The Best of the Montana New Zealand Wearable Art Awards

This exhibition is now closed

A unique exhibition features the best of the incredible creations from the Montana New Zealand Wearable Art Awards since its inception – a multimedia extravaganza of sound and light. Admission charge applies.

Elegance, sexuality, technology, nature, science fiction, history – the influences on the works in this exhibition are as varied as they are fantastic. They take the senses by storm and leave the intellect craving more. They are fabulous, found-object, fibre-frenetic fun.

Created in 1987 by sculptor Suzie Moncrieff, the Wearable Art Awards have put Nelson on the international cultural map. It is the one icon of Kiwi culture, of Kiwi ingenuity, which can rival rugby (allow me this small exaggeration!) in the passion and attention it provokes.

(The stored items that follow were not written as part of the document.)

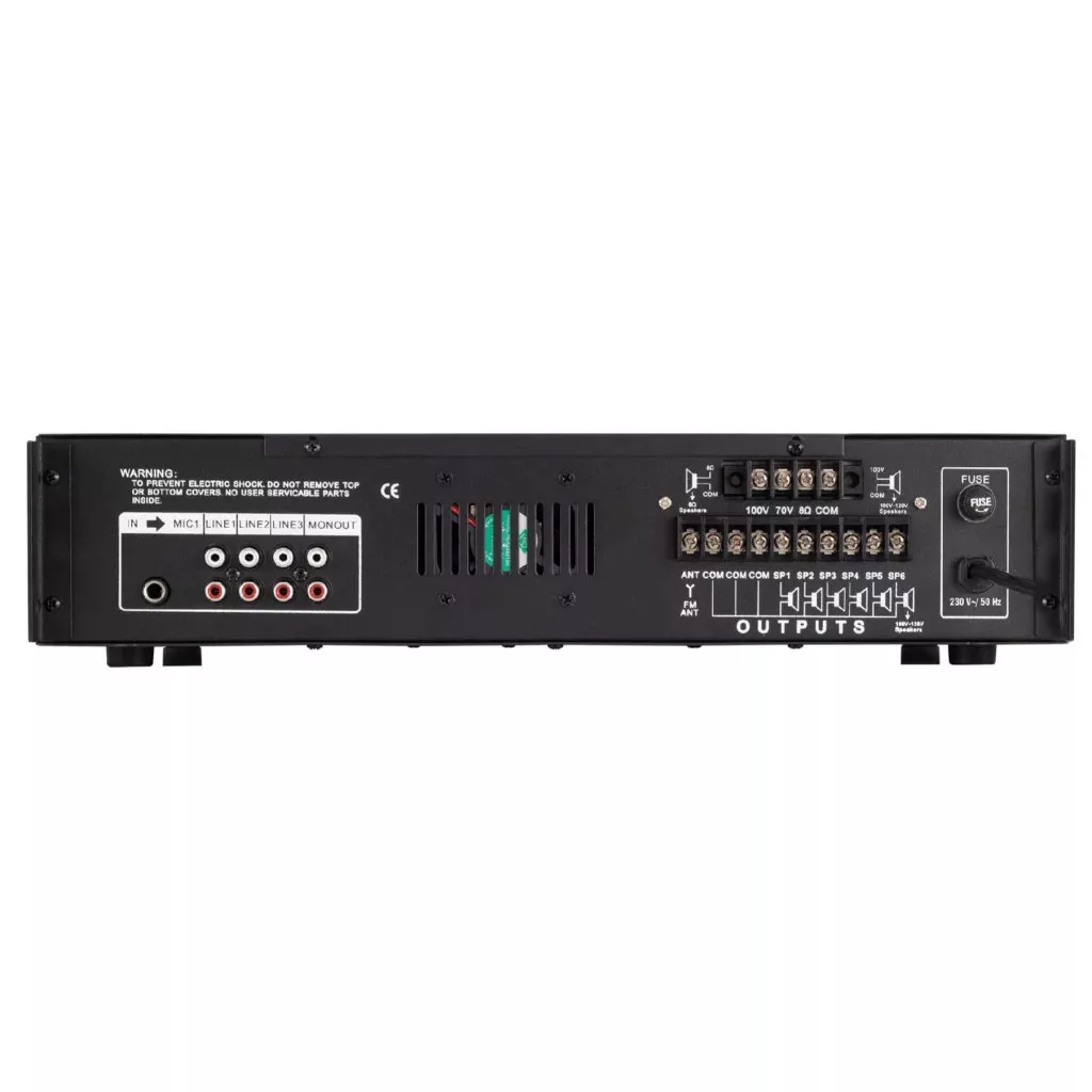 Egy keverő erősítő, amely minden zenei igényt kielégít, legyen szó professzionális rendezvényekről vagy otthoni felhasználásról? A SAL MPA 120BT multimédiás keverő erősítő 120 W teljesítménnyel és 6 csatornás keverési lehetőséggel rendelkezik, miközben számos modern funkcióval segíti a felhasználókat, mint például Bluetooth kapcsolódás, FM rádió és USB/SD lejátszás.Kiemelkedő teljesítmény és sokoldalú csatlakozási lehetőségekEz az eszköz 120 W-os kimeneti teljesítményt nyújt, amely elegendő ahhoz, hogy tiszta és erőteljes hangzást biztosítson kisebb és közepes méretű helyiségekben. A 6 független csatornának köszönhetően egyszerre több bemenetet is kezelhet, legyen szó USB-ről, SD kártyáról, mikrofonról vagy sztereó RCA bemenetről. A Bluetooth 2.1 kapcsolat akár 10 méteres hatótávval lehetővé teszi, hogy mobileszközéről vagy számítógépéről vezeték nélkül játsszon le zenét.Beépített multimédiás funkciókA SAL MPA 120BT integrált FM rádióval rendelkezik, amely memorizálható állomásokkal könnyíti meg a használatot. Az USB és SD bemenetek révén MP3 és WMA formátumú zeneszámokat is lejátszhat, akár ismétlés, akár véletlenszerű sorrendben. Az LCD kijelző egy grafikus rádióskálát, kivezérlésmérőt és lejátszási listát is megjelenít, hogy mindig pontosan kövesse, mi történik.Professzionális keverési lehetőségekA keverő erősítő magas és mély hangszínszabályozással rendelkezik, amely lehetővé teszi a hang pontos finomhangolását. A hangbemondások során automatikus zene le- és felkeverési funkció biztosítja a zökkenőmentes átmenetet, míg a kettős hangerő-szabályozás szintkorlátozással maximális kontrollt nyújt. Emellett gong hangjelzés funkcióval is ellátott, amely figyelemfelkeltő effektusként szolgálhat.Kiváló kompatibilitás és megbízhatóságA 100 V-os hangszórókhoz 6 független csoportba köthető és szabályozható csatlakozásokat kínál. A kimeneti lehetőségek között RCA (mono) kimenet is szerepel, amely további erősítők vagy hangrögzítők csatlakoztatását teszi lehetővé. A 230 V-os tápellátás és a masszív, 6,8 kg-os kivitel hosszú távú megbízhatóságot garantál.Válassza a SAL MPA 120BT multimédiás keverő erősítőt, hogy minden zenei és hangosítási igényét egyszerűen és hatékonyan megoldja – professzionális teljesítmény és modern funkciók egyetlen eszközben!Audio bemenet3 x sztereo (2xRCA) Audio kimenet2 x RCA (mono)Automatikus mikrofonkeverésvanGong hangeffektusvanHangerőszabályozóvanHangszórókimenetek4 - 8 OhmKeverőerősítő5 + 1 csatornásKimenőteljesítmény120 WMagas és mély hangszínszabályozóvanMéret480 x 98 x 355 mm / 6,8 kgMikrofonbemenet2 x Ø6,3 mmTápellátás230 V~ / 50 HzVezeték nélküli BT kapcsolatv2.1 + EDR / max.10 m • Bluetooth 2.402-2.480 GHz ERP ≤2.5 mW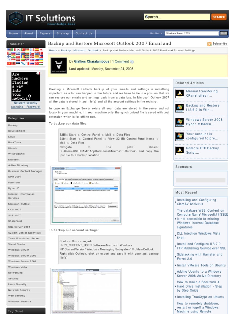 Backup And Restore Microsoft Outlook 2007 Email And Account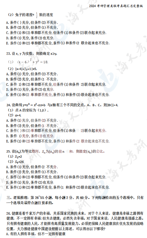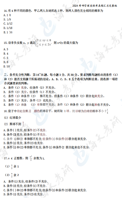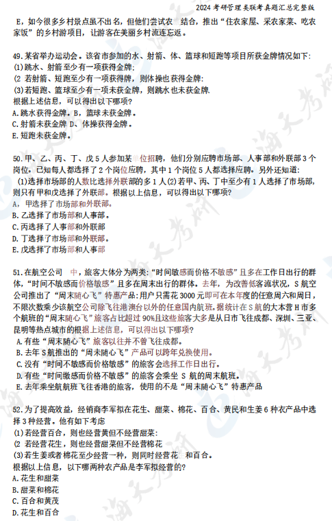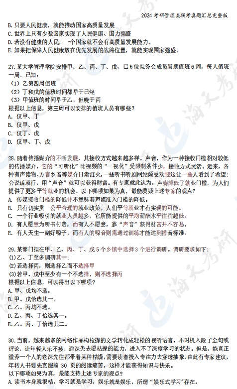 2024考研管理类综合能力真题汇总完整版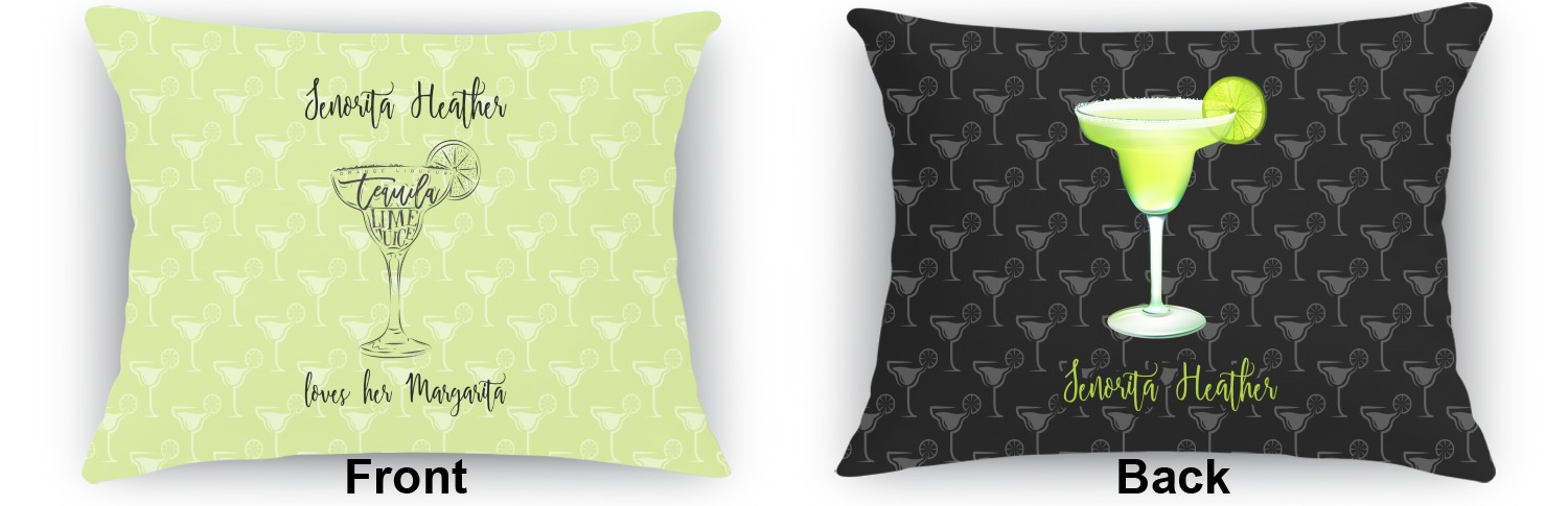 This margarita design has a lovely black illustration of a margarita glass with text inside saying "orange liqueur," "tequila," and "lime juice." Above and below this graphic is where your personalization goes. The pattern behind the graphic has a simpler margarita glass that is a light green while the rest of the pattern is a light lime green. This is a fun design to put on your beach, pool, or kitchen accessories.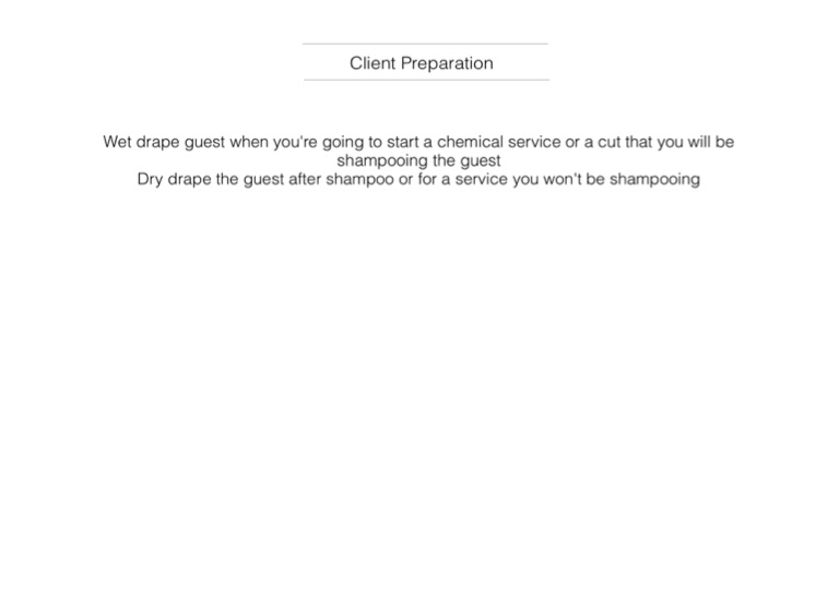 Wet drape guest when you're going to start a chemical service or a cut that you will be shampooing the guest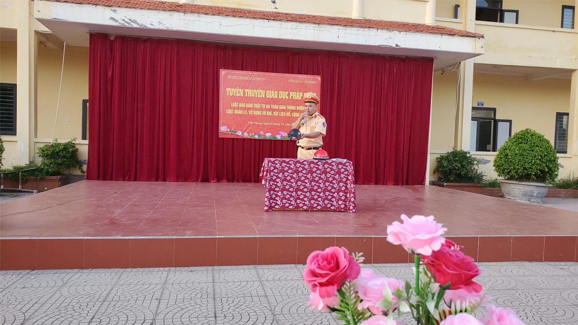 Thực hiện đợt cao điểm bảo đảm an toàn trật tự an toàn giao thông cho lứa tuổi học sinh, chiều ngày 25/10/2024, Trường TH&THCS Văn Phong đã phối kết hợp với Công an xã Văn Phong tổ chức tuyên truyền giáo dục pháp luật về Luật bảo đảm trật tự an toàn giao thông đường bộ, Luật quản lý, sử dụng vũ khí, vật liệu nổ, công cụ hỗ trợ cho học sinh nhà trường.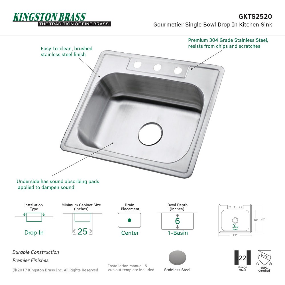 Powered by Frooition All Categories Kingston Brass GKTS2520 25" Drop In 22 Gauge Single Basin Stainless Steel Kitchen Sink Overview Item Description 22 Gauge Drop In Single Basin Stainless Steel Kitchen Sink Kingston Brass’ primary mission is to become the leading provider of cost effective, high quality products in the plumbing community. Their focus has made them grow by leaps and bounds in just a few years by identifying the key problems in manufacturing today and solving them. Kingston Brass produces high quality products ranging from kitchen, bath, and lavatory faucets to accessories such as diverters, towel bars, robe hooks, supply lines, and miscellaneous parts. With the low price, amazing stock times and quality products, you can rest assured that when you order a Kingston Brass product you will love every part of the experience, and it will last for generations to come. Features: Coordinates well with Traditional / Classic theme Faucet holes: 3 Faucet hole size: 1.5" Installation type: Drop In Number of basins: 1 Includes soap dispenser: No Drain connection: 3.5" Gauge: 22 Specifications: Length: 25" Width: 22" Why Choose BuildInc? OUR PROMISE TO YOU About Us At Build, we promise to provide the best selection we can, most competitive pricing, and unmatched customer service. Our store has quality home improvement products from trusted manufacturers like Moen, American Standard, Delta, Kraus, Kichler, Progress Lighting, Schlage, Kwikset, Baldwin, Broan, NuTone, Air King, and Rev-A-Shelf. With over 200,000 home improvement products for you to choose from, we have just what you need to get your project done. Fast & Free Shipping We promise to make it our priority to get you your items as fast as we can. We ship from 440 warehouses around the country, ensuring that your product will get to you as soon as possible. We know you're eager to get your hands on your new purchase, we would be too. As a bonus, most items ship for free. Returns We are happy to accept returns of unused or defective items for a refund within 30 days from the date of delivery. For returns outside 30 days, please contact our Customer Service team to go over our options. For full details, please view the Shipping and Payments tab above. To initiate a return simply go to the eBay Returns Portal and submit a return request. We ask that all items be returned with all original components via a traceable method. Once your return is received and processed, we will quickly get your refund or replacement issued. If for any reason you are unsatisfied with your purchase or for product or warranty questions, please contact Customer Service team for assistance. More Items! View more great items! About Us | Shipping | Returns | Contact Us | FAQ | Collections | Special Offers! Powered by Frooition Frooition Frooition | No-js Template | eBay design, eBay store design, eBay shop design, eBay template design, eBay listing design (ver:froo_no_js) This listing is currently undergoing maintenance, we apologize for any inconvenience caused.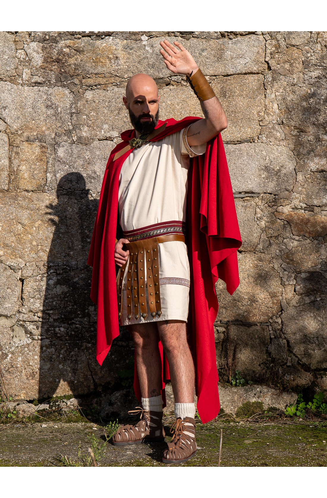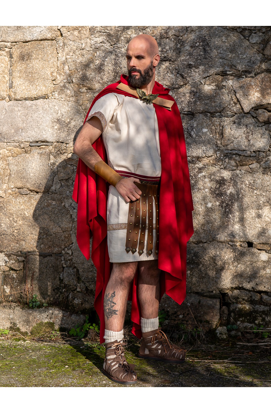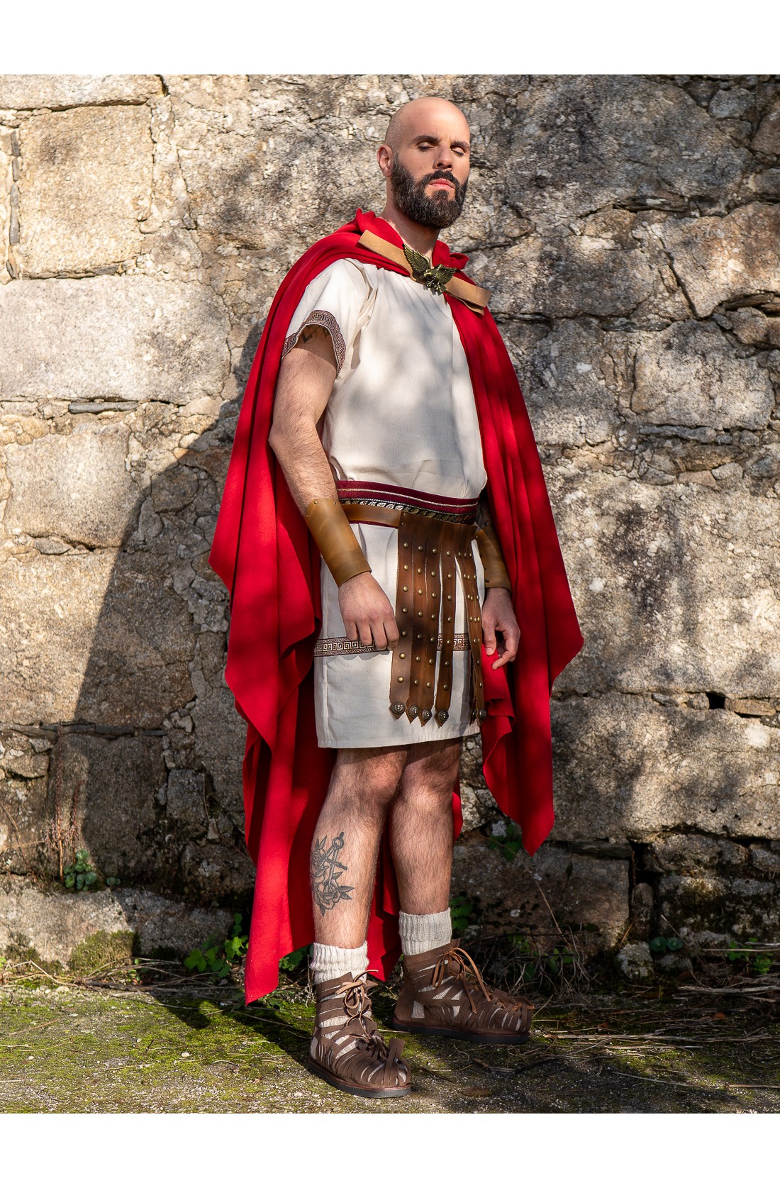 Esta capa completa la indumentaria de traje romano de hombre diseñado por nuestro equipo de Yute es una pieza de artesanía que no puede faltar en tu vestimenta romana, perfecto para tu evento de recreación histórica, de fantasía o LARP.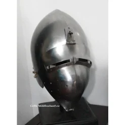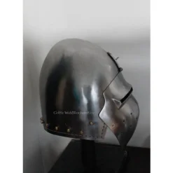 Dette er en komplet kamp-klar kopi af en tysk flad bascinet lavet af 2 mm tykt stål. Det er lavet af to dele, der er svejset sammen. Visiret er aftagelige og lavet af ét stykke. Hjelmen har en læder speeches til komfort.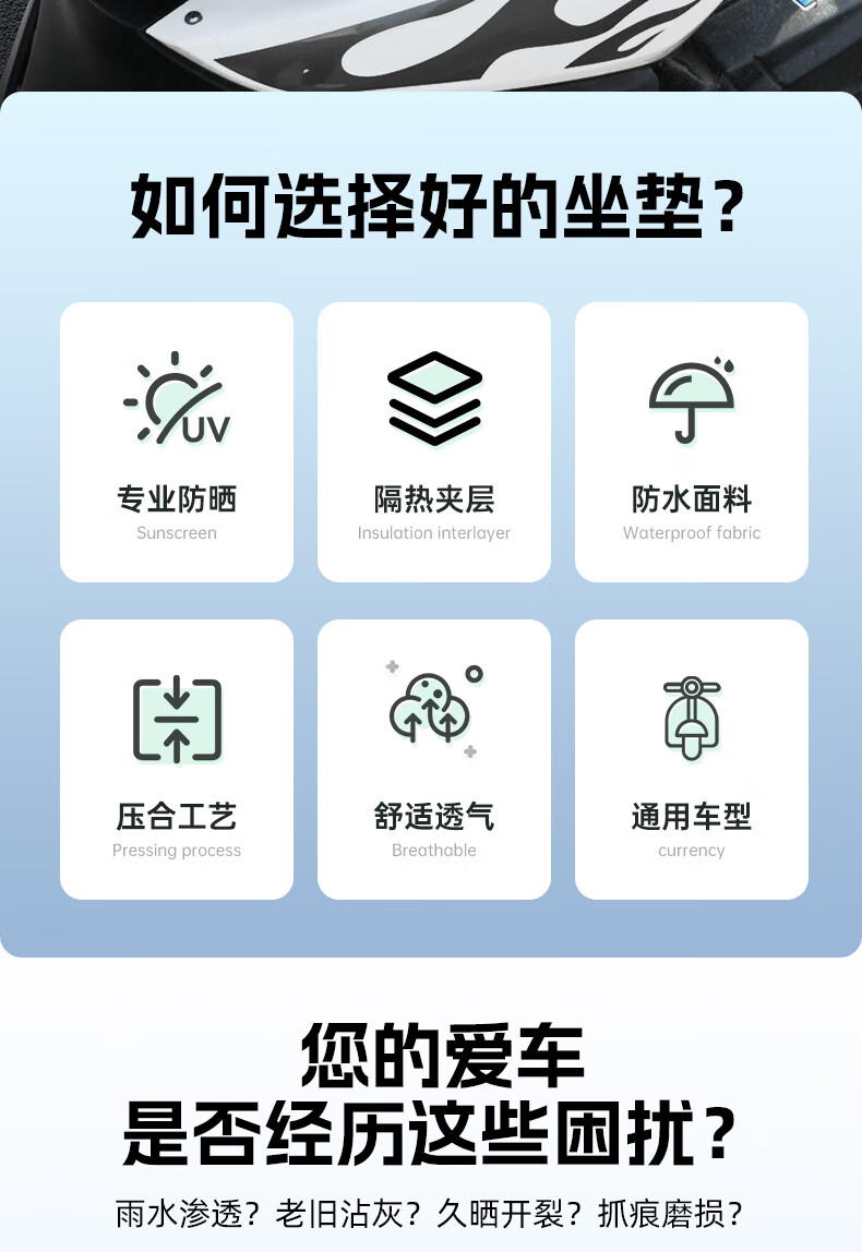 牧安宁电动车坐垫套电瓶座套防水防晒皮革四季通用自行代步踏板车隔热垫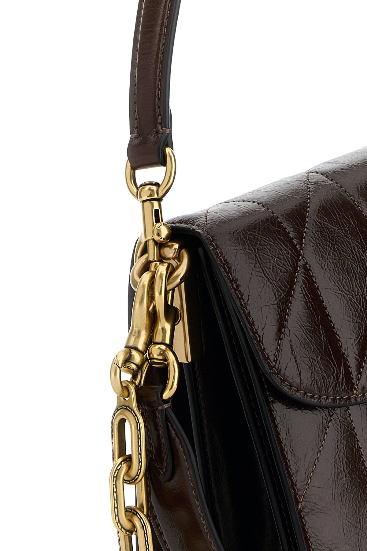 Shoulder bag realized in quilted leather enriched by logoed metal detail at the front.

The Montana New Zealand Wearable Arts is not about high fashion – though many of the works far outstrip the standards of Parisian haut couture in beauty. Neither is it about high art – though some will find the works more palatable in the Art Gallery setting than the most expensive pile of bricks. No! When you pare away the hyperbole it is about having a go... the same ethic that won the Americas Cup... the same belief that beats in every Kiwi heart that I am as good as the next person and, given the diminished value of the New Zealand dollar, a whole lot more imaginative and resourceful than most.

A youthful passion for the Jetsons grows into adulthood; an unaccountable excess of Telecom handsets or CD discs; a West Coast passion for driftwood and natural fibres; the brazen, brutal femininity of Zena – weird and diverse are the fuels that fire the passions of these designers. Dried sausage skins, paua shells, car parts, flax and plastic are de rigeur. The unforgettable papier mache creations of Donna Demente guarantee her immortality – who would have dreamed that this humble material, shaped by many of us in childhood around balloons (for some long, and thankfully, forgotten purpose), could be so successfully moulded in evocative, dreamlike beauty.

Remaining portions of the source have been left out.